▶ What you need to do: Give again exactly the lines that run from the start of the records to the line holding "Discover the luxury", both ends counted. Do not include the pictures.

▶ The data:
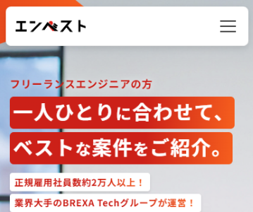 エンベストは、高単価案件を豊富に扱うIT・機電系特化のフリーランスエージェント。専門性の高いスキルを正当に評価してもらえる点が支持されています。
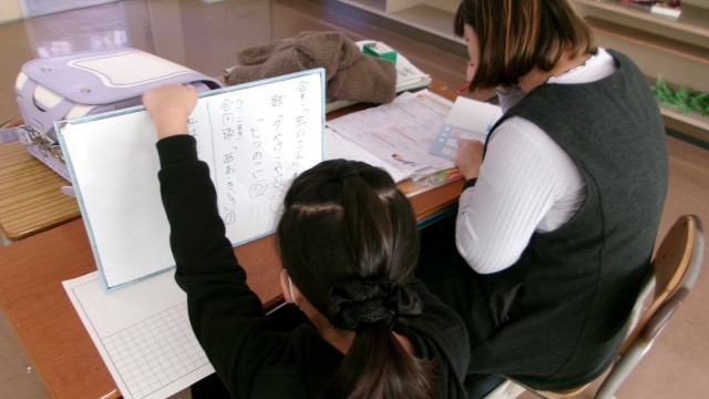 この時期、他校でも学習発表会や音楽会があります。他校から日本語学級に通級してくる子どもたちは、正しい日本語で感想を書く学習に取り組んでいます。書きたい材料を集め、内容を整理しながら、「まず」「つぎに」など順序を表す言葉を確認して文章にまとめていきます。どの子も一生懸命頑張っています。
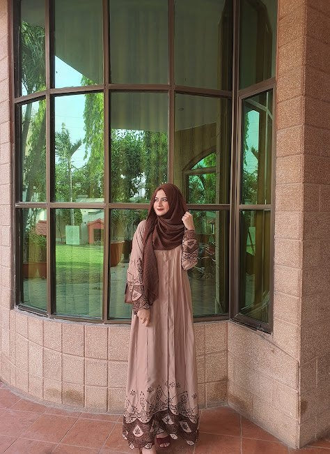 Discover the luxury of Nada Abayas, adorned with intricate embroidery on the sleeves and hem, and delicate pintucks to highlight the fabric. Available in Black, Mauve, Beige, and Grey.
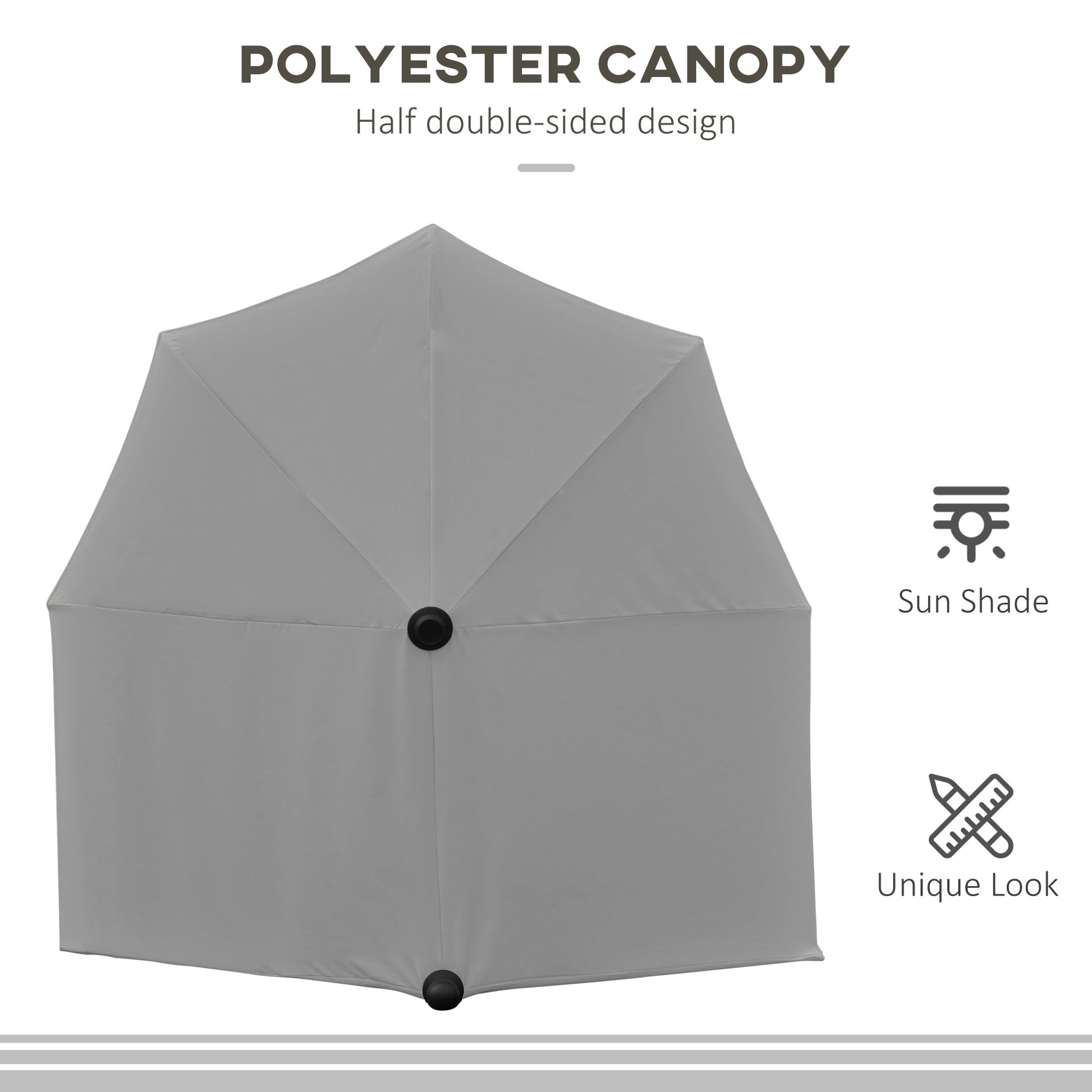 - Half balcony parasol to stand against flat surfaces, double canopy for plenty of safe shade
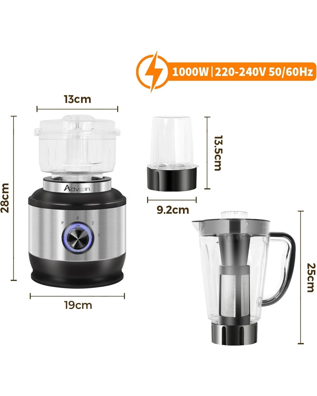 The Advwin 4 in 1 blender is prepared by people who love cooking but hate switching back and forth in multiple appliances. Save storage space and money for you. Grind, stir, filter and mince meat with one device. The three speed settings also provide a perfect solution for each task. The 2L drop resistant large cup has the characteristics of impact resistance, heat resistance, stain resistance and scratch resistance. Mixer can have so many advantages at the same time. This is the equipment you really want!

▶ Result of the task:
 エンベストは、高単価案件を豊富に扱うIT・機電系特化のフリーランスエージェント。専門性の高いスキルを正当に評価してもらえる点が支持されています。
 この時期、他校でも学習発表会や音楽会があります。他校から日本語学級に通級してくる子どもたちは、正しい日本語で感想を書く学習に取り組んでいます。書きたい材料を集め、内容を整理しながら、「まず」「つぎに」など順序を表す言葉を確認して文章にまとめていきます。どの子も一生懸命頑張っています。
 Discover the luxury of Nada Abayas, adorned with intricate embroidery on the sleeves and hem, and delicate pintucks to highlight the fabric. Available in Black, Mauve, Beige, and Grey.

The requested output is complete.